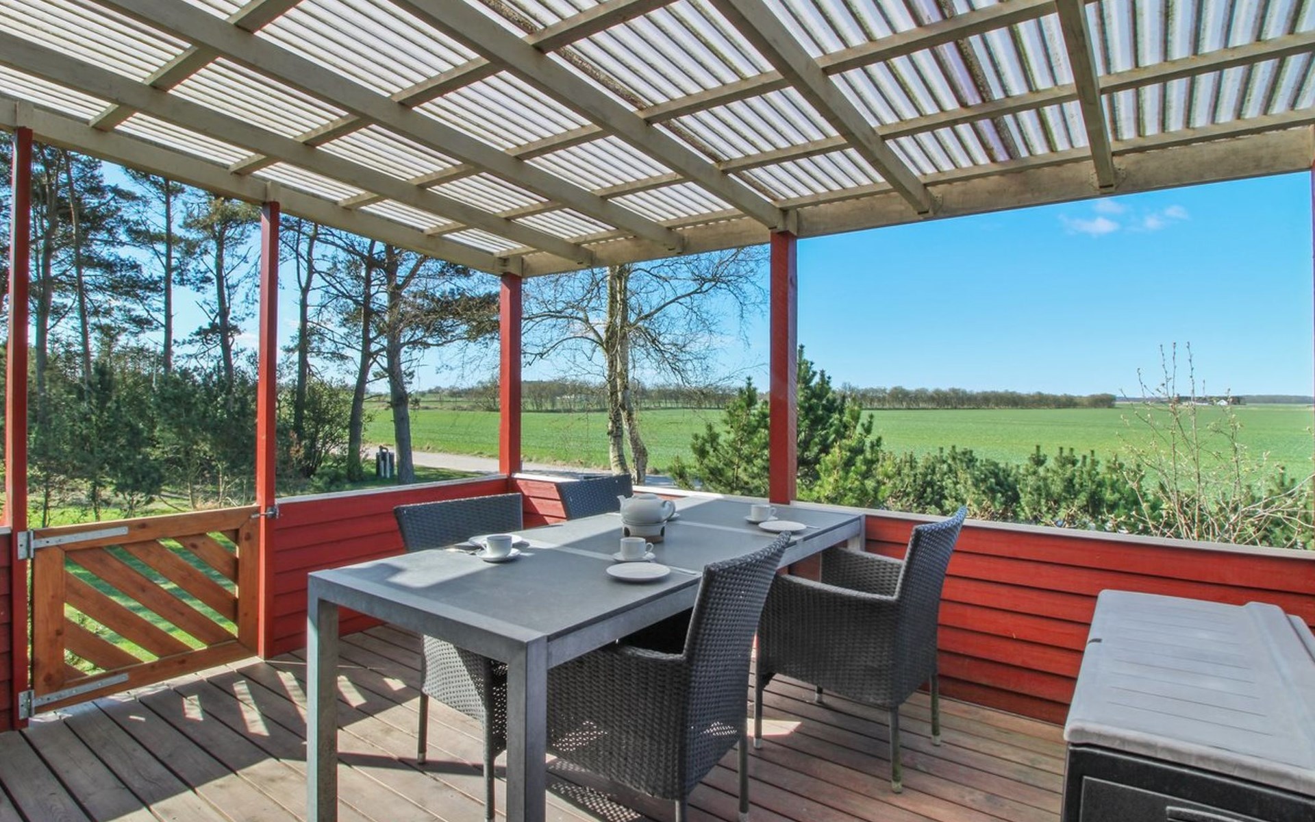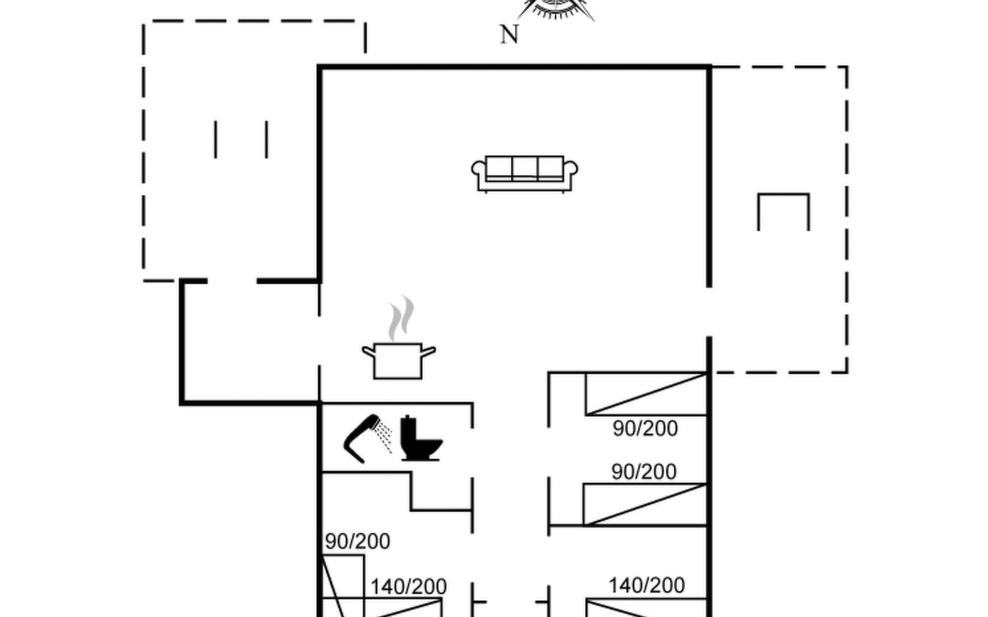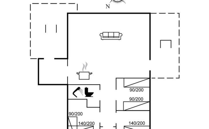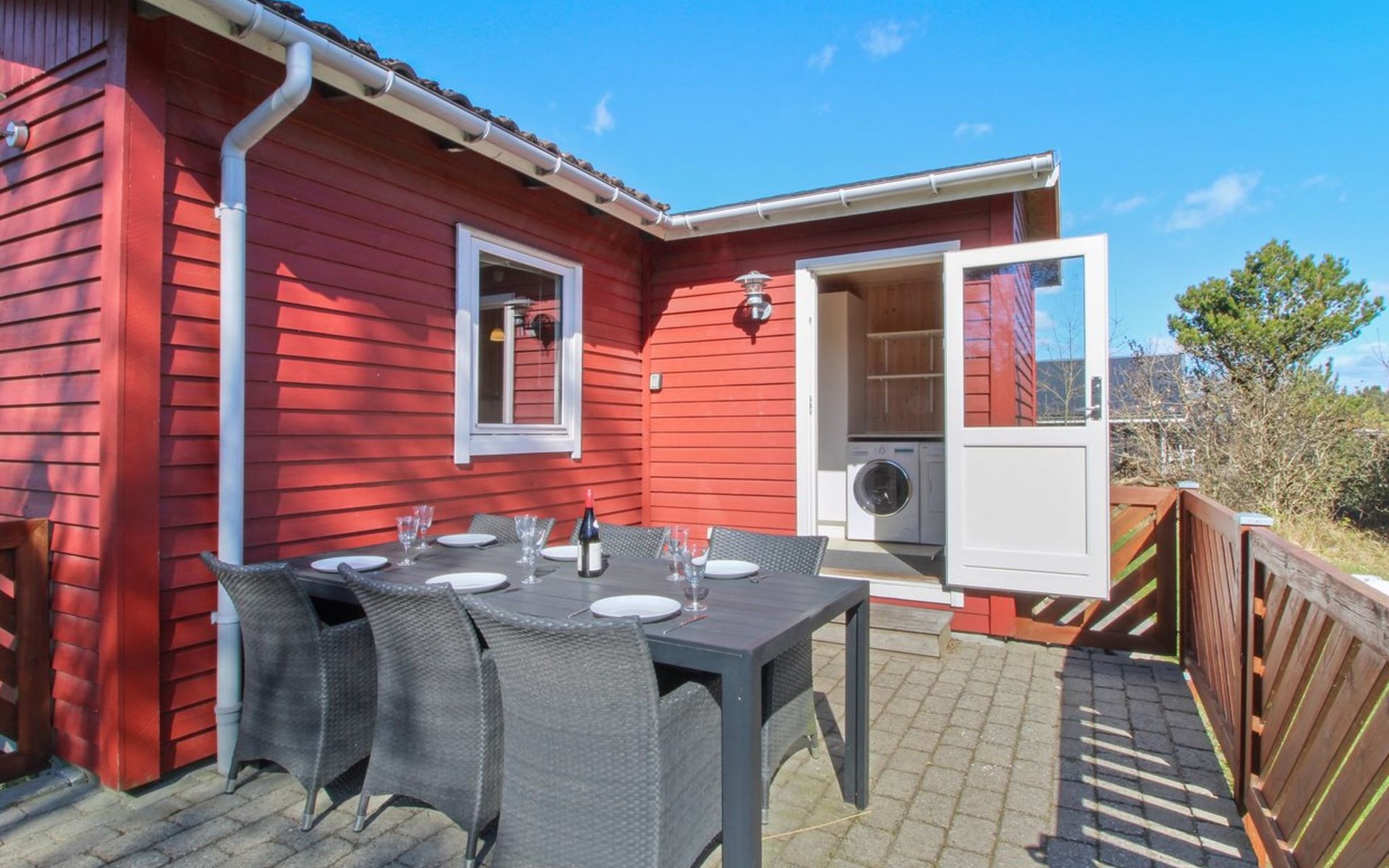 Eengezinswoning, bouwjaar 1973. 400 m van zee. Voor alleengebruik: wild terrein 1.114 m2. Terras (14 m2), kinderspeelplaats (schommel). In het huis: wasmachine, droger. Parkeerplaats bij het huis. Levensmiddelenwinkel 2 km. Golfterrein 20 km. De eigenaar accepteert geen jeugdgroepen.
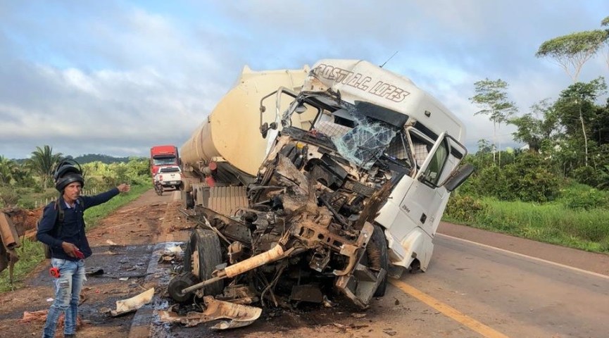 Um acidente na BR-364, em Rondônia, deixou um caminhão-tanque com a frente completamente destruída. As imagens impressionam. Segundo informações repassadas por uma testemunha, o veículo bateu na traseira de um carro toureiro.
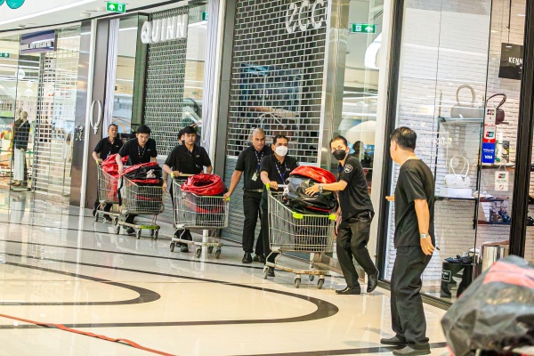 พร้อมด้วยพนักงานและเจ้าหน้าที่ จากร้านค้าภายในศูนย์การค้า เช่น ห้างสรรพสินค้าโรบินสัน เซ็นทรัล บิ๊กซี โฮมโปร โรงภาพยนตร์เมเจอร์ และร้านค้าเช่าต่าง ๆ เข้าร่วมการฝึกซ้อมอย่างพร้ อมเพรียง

* REQUIRED ACTION:
When you repeat the data, keep every line exact and drop the images.

* RESULT FOR THIS EXERCISE:
 Eengezinswoning, bouwjaar 1973. 400 m van zee. Voor alleengebruik: wild terrein 1.114 m2. Terras (14 m2), kinderspeelplaats (schommel). In het huis: wasmachine, droger. Parkeerplaats bij het huis. Levensmiddelenwinkel 2 km. Golfterrein 20 km. De eigenaar accepteert geen jeugdgroepen.
 Um acidente na BR-364, em Rondônia, deixou um caminhão-tanque com a frente completamente destruída. As imagens impressionam. Segundo informações repassadas por uma testemunha, o veículo bateu na traseira de um carro toureiro.
 พร้อมด้วยพนักงานและเจ้าหน้าที่ จากร้านค้าภายในศูนย์การค้า เช่น ห้างสรรพสินค้าโรบินสัน เซ็นทรัล บิ๊กซี โฮมโปร โรงภาพยนตร์เมเจอร์ และร้านค้าเช่าต่าง ๆ เข้าร่วมการฝึกซ้อมอย่างพร้ อมเพรียง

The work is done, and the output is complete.